Inland Revenue Department of Hong Kong (“IRD”) may examine the Company’s income tax returns filed in Hong Kong for seven years from date of filing. For the years 2012 through 2019, HKJI did not report any taxable income. It did not file any income tax returns during these years except for 2014 and 2018. For companies which do not have taxable income, IRD typically issues notification to companies requiring them to file income tax returns once in every four years.
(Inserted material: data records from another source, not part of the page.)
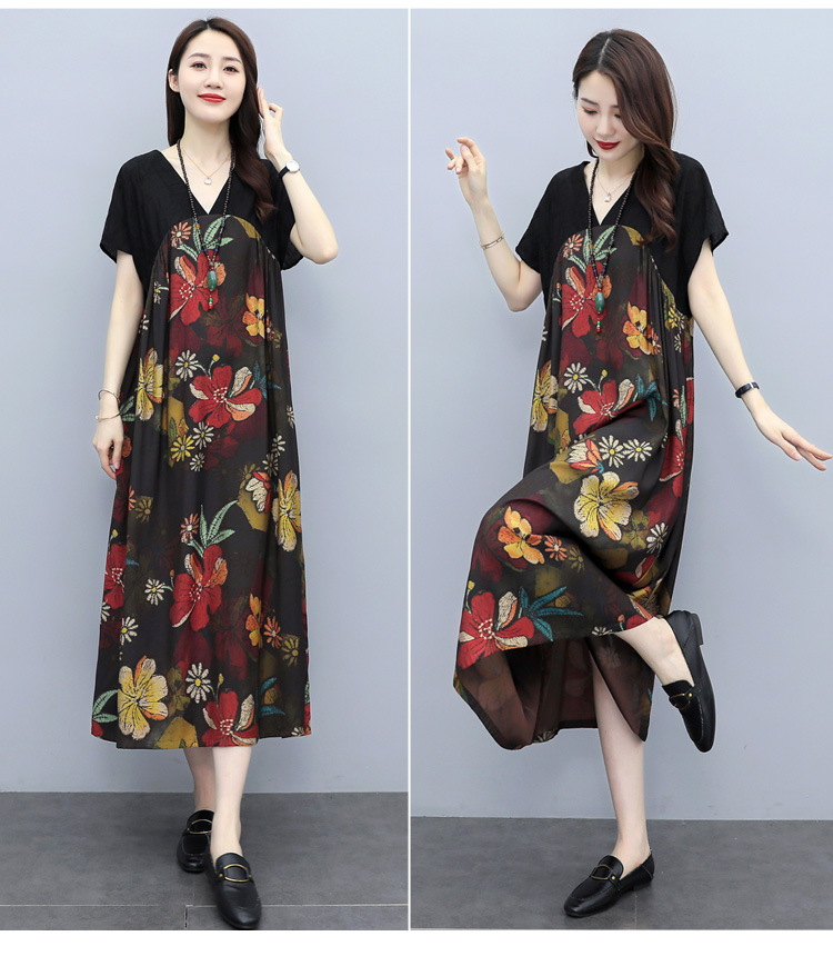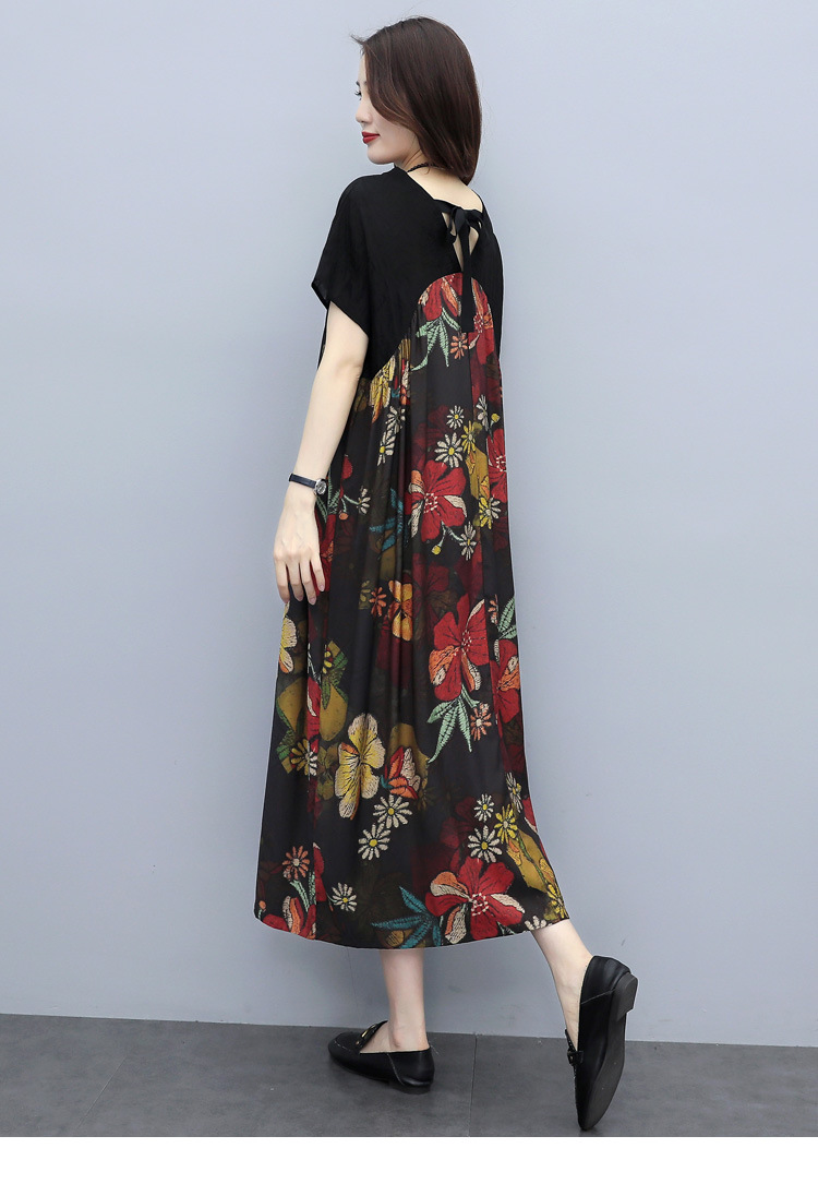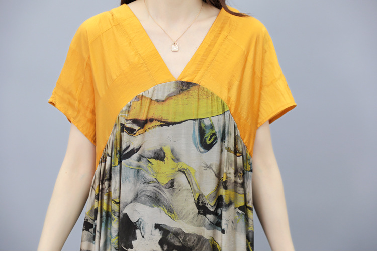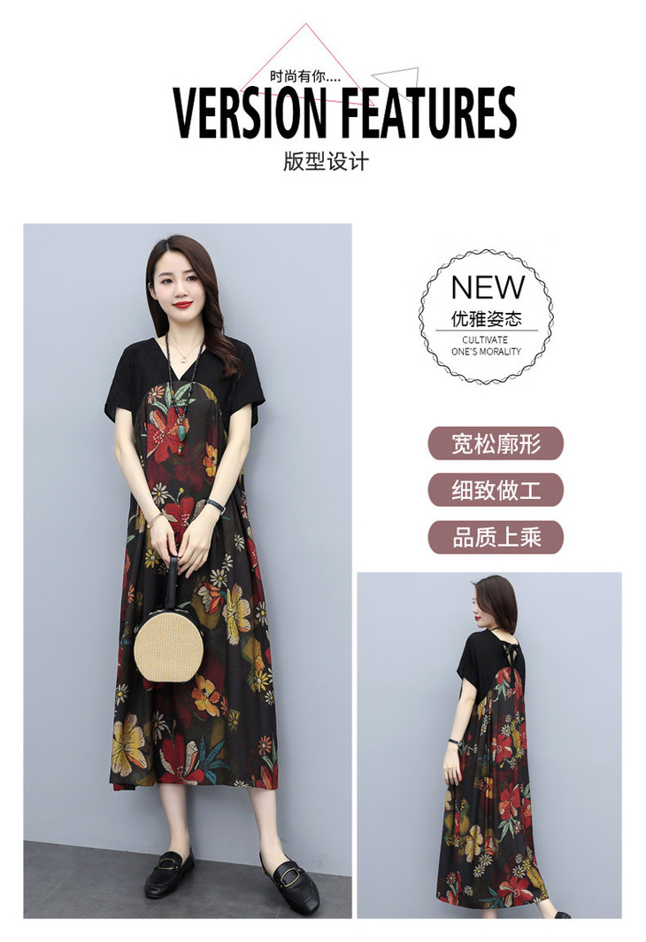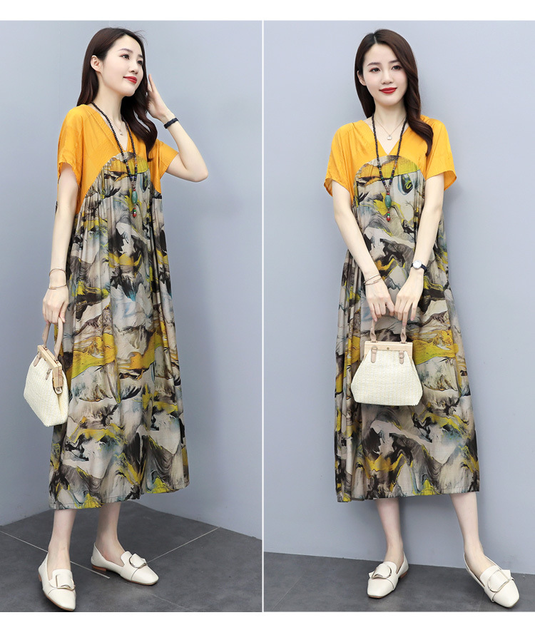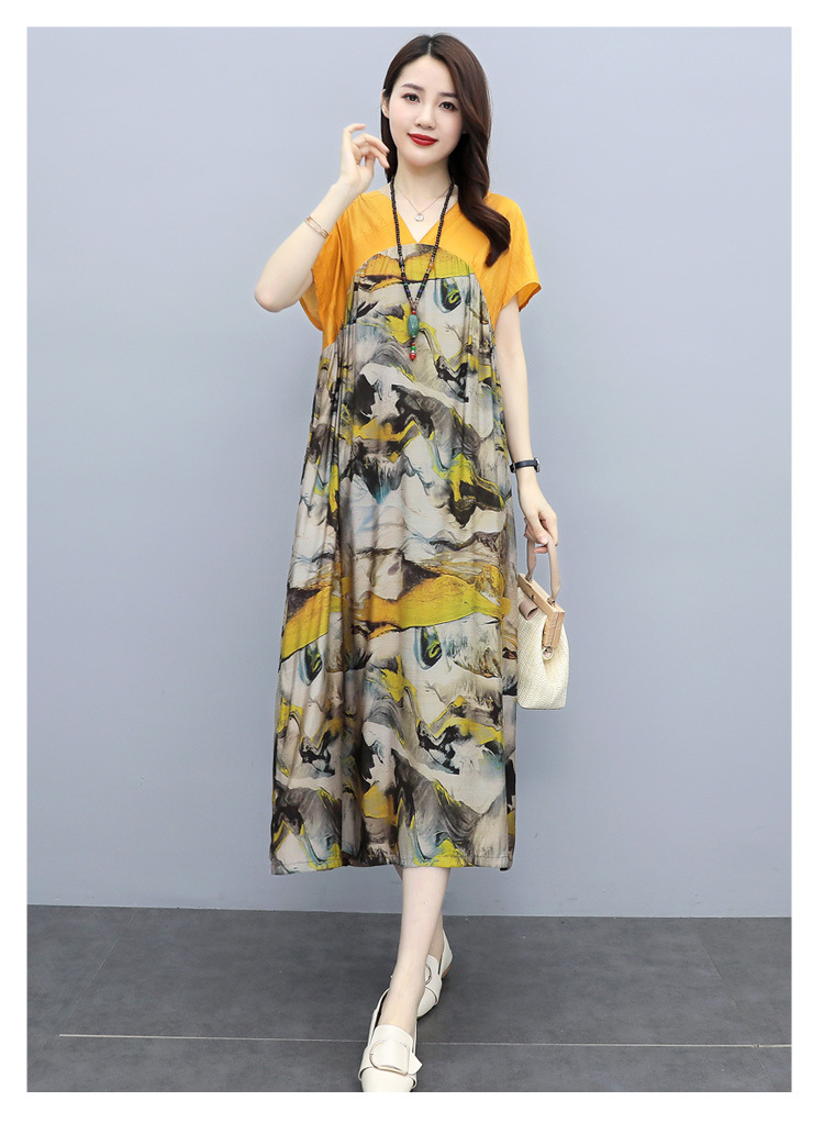 HR YZCB818时尚优雅气质宽松拼接印花连衣裙
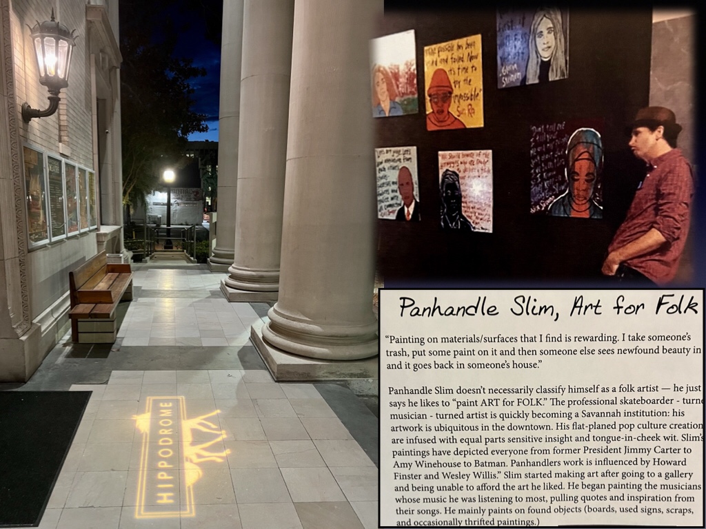 Wandering into the Hipp’s gallery I suddenly found myself caught up in the, um, colorful things that other people say. This complements of Savannah artist Panhandle Slim.
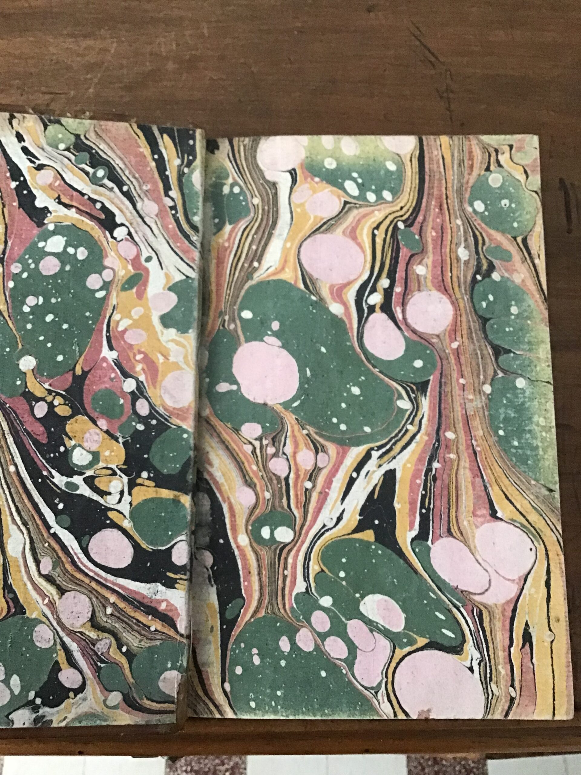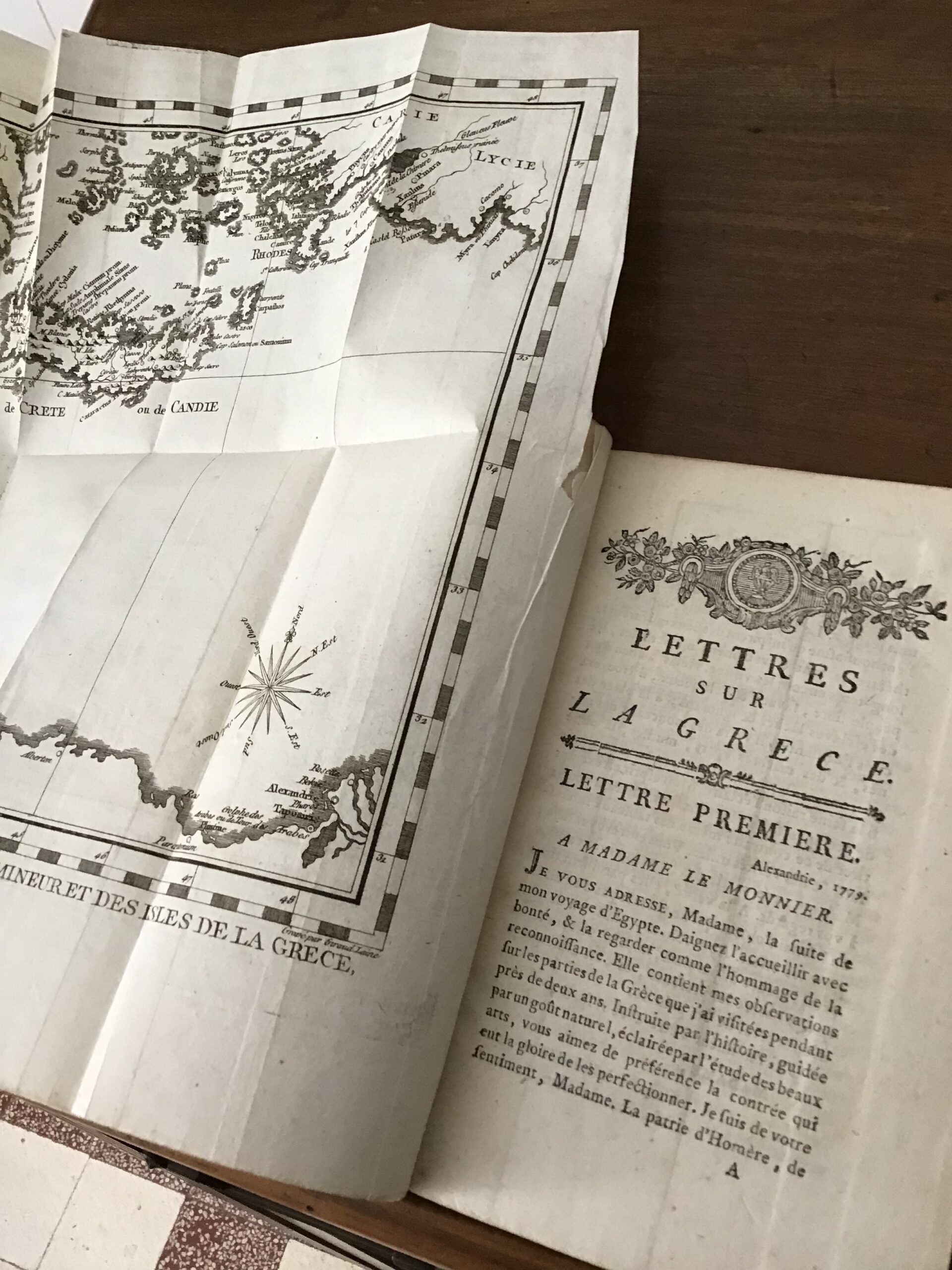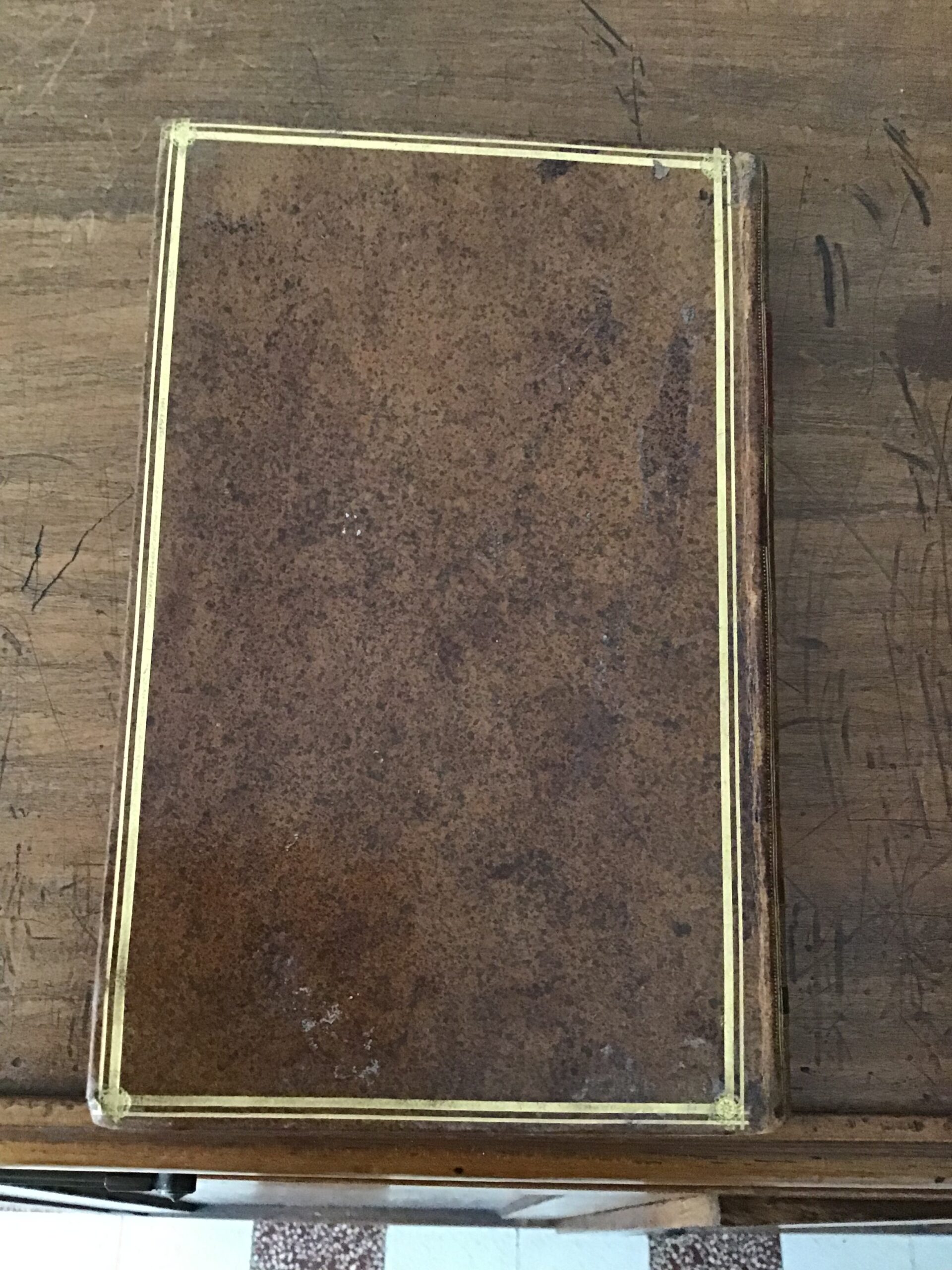 état acceptable: coins frottés, revêtement de la couverture usé, rousseurs, marques anciennes d’humidité sur les 2 premières et 3 dernières pages; un des plans dépliants présente des déchirures.

The tax returns for 2014 and 2018 are currently subject to examination.

 

The components of the provision for income tax benefit (expense) from continuing operations are:

 

                 
   Three-Month Period Ended March 31,
   2022  2021
       
Current taxes – PRC  $   $ 
Deferred tax – PRC entities   95,695    743,709 
Deferred taxes – US entity       15,957 
Change in valuation allowance       (15,957)
Tax Expense Benefit  $95,695   $743,709 

 

Significant components of the Company’s deferred tax assets and liabilities at March 31, 2022 and December 31, 2021 are as follows:

 

   March 31,  December 31,
   2022  2021
Deferred tax liabilities  $   $ 
           
Deferred tax assets:          
Exploration costs   1,961,124    1,952,783 
PRC tax losses   19,618,132    19,621,674 
US federal net operating loss   1,322,647    1,308,335 
Total deferred tax assets   22,901,903    22,882,792 
Valuation allowance   (10,005,411)   (9,982,758)
Net deferred tax asset  $12,896,492   $12,900,034 

 

The increase in valuation allowance for the three-month period ended March 31, 2022 is $22,653.

 

The decrease in valuation allowance for the three-month period ended March 31, 2021 is $86,964.

 

There were no unrecognized tax benefits and accrual for uncertain tax positions as of March 31, 2022 and December 31, 2021 and no amounts accrued for penalties and interest for the three months ended March 31, 2022 and 2021.